• **Required work**
Copy the lines below exactly. No picture goes into the copy.

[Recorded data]
┄┄┄┄┄┄┄┄┄┄

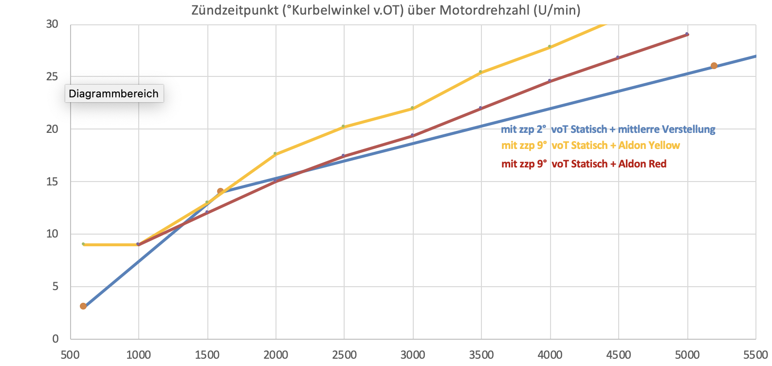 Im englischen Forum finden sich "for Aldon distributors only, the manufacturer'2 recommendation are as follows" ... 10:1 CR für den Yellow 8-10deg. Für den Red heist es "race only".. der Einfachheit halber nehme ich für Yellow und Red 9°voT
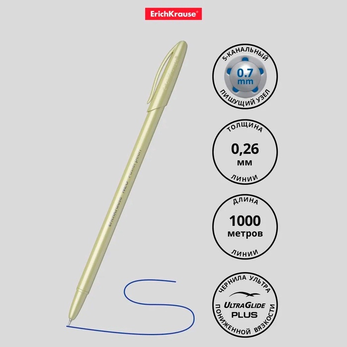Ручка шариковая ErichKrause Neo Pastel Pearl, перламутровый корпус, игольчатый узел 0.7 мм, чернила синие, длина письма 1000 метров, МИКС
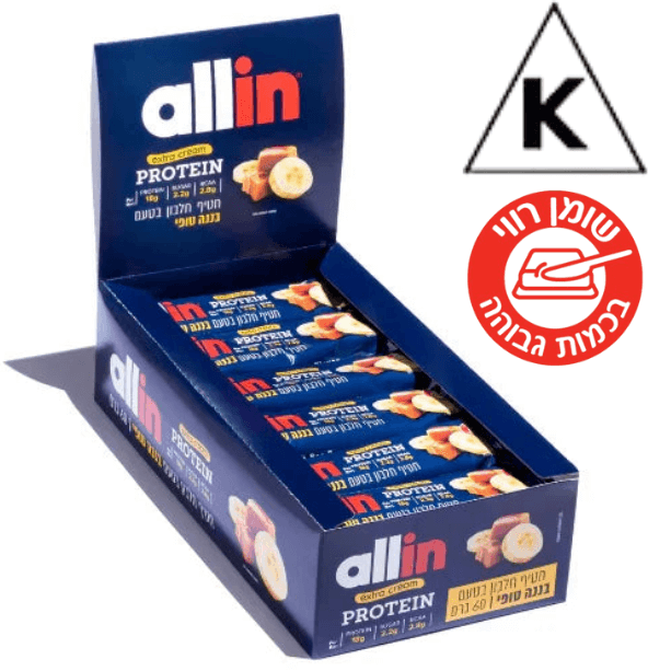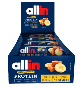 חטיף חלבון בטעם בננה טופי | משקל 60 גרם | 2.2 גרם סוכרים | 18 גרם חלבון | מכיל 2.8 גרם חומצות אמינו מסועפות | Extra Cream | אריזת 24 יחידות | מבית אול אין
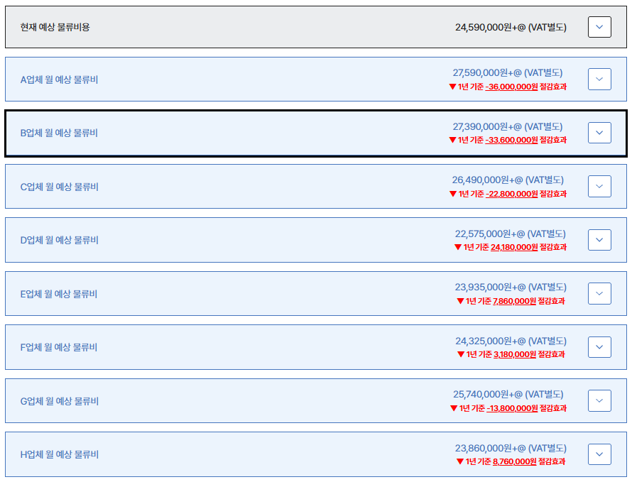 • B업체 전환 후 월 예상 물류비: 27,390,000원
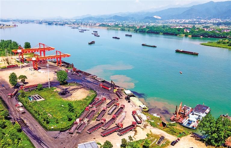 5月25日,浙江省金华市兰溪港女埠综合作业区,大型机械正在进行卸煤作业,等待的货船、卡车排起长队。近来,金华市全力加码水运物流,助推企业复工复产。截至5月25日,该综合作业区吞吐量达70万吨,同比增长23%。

┄┄┄┄┄┄┄┄┄┄

• **Worked solution**
 Im englischen Forum finden sich "for Aldon distributors only, the manufacturer'2 recommendation are as follows" ... 10:1 CR für den Yellow 8-10deg. Für den Red heist es "race only".. der Einfachheit halber nehme ich für Yellow und Red 9°voT
Ручка шариковая ErichKrause Neo Pastel Pearl, перламутровый корпус, игольчатый узел 0.7 мм, чернила синие, длина письма 1000 метров, МИКС
 חטיף חלבון בטעם בננה טופי | משקל 60 גרם | 2.2 גרם סוכרים | 18 גרם חלבון | מכיל 2.8 גרם חומצות אמינו מסועפות | Extra Cream | אריזת 24 יחידות | מבית אול אין
 • B업체 전환 후 월 예상 물류비: 27,390,000원
 5月25日,浙江省金华市兰溪港女埠综合作业区,大型机械正在进行卸煤作业,等待的货船、卡车排起长队。近来,金华市全力加码水运物流,助推企业复工复产。截至5月25日,该综合作业区吞吐量达70万吨,同比增长23%。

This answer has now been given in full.